A company called RetiSpec, backed in part by the foundation, is developing a retinal test that detects neurodegenerative changes. “The eye is the window to the brain,” explains Fillit, who envisions a scenario where you may go for your eye checkup once a year and have extra imaging performed that could detect Alzheimer’s disease less invasively than current tests do.
Bose of Gates Ventures is also keen on the possibility of an ocular test to diagnose Alzheimer’s–because it could detect the disease earlier. “Before you start seeing amyloid [proteins tied to Alzheimer’s] in the blood, you start seeing it in the back of the retina,” says Bose, who estimates that it could be another year or two before the retinal test would be ready. Other companies are pursuing optical diagnostic tests as well.

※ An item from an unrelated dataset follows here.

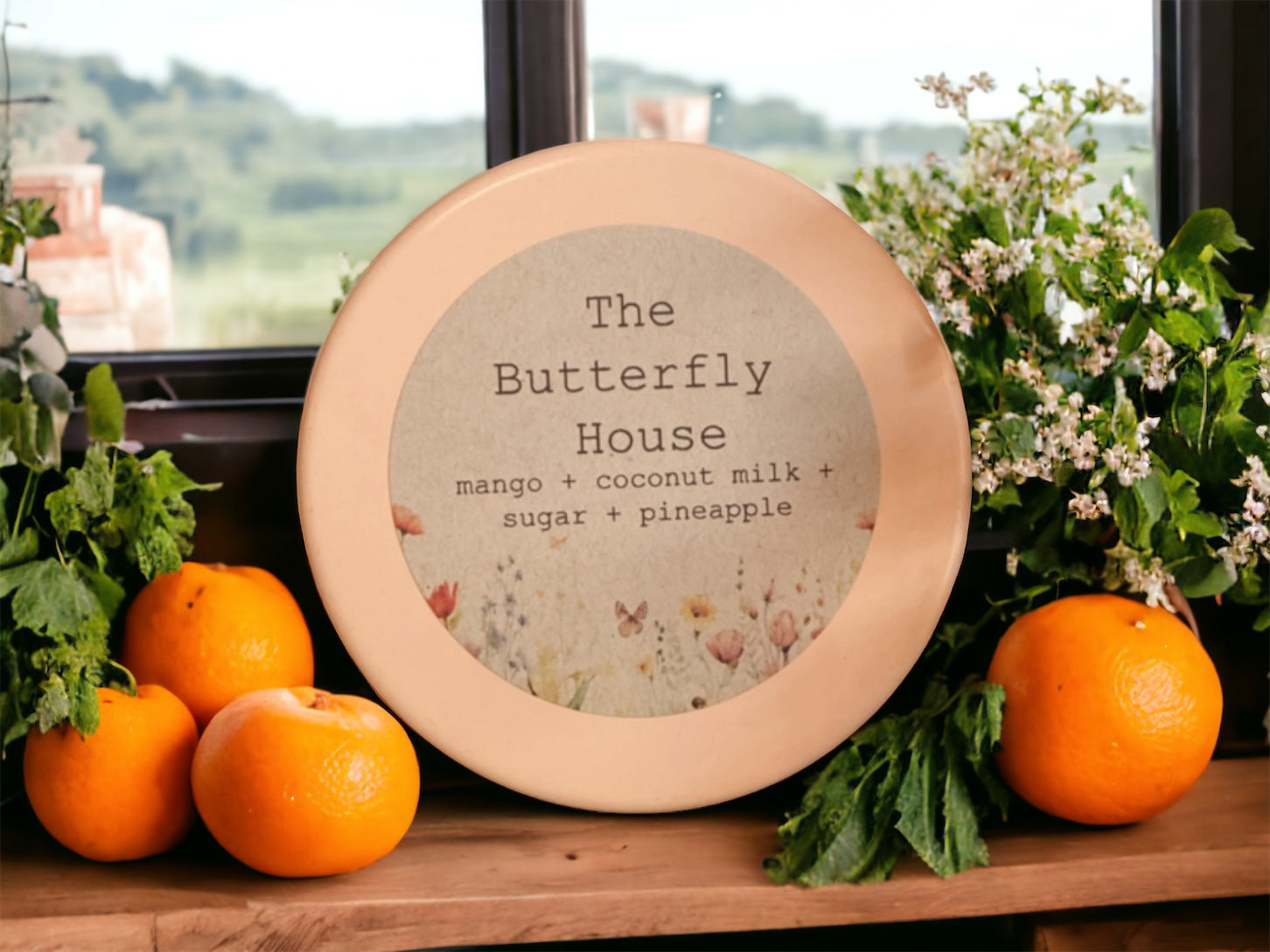 The Butterfly House after an amazing landmark property in Pacific Grove, California. Known for the yearly migration of monarch butterflies to this beautiful town, one house stands out from the rest! This coastal cottage is as unique as the candle scent that I named it after. It’s adorned with butterflies of all shapes and sizes. Huge statues, mosaic tiles and hand painted splendor make it a must see. It brings joy and represents this sweet little town (and the butterflies that love it) perfectly.

For anyone interested in how to stave off Alzheimer’s given the current lack of easy diagnosis and the lack of drugs that halt the disease, Fillit says much has been learned about prevention. “The basic premise is what’s good for your heart is good for your brain,” he explains, pointing to regular exercise; a Mediterranean diet; avoiding smoking, alcohol and stress; and getting enough sleep. The foundation website has information about prevention as well as reviews foods and supplements and articles on brain health.
There is still much to learn about Alzheimer’s disease and related dementias. Fillit says research on the disease is maybe 50 years behind where our understanding of cancer is. One challenge: It’s difficult and expensive to enroll patients in Phase 3 clinical trials for new Alzheimer’s treatments. But having better diagnostics could make that process more efficient and far less costly, says Fillit. And better diagnostics could enable enrolling patients into trials at an earlier stage of the disease.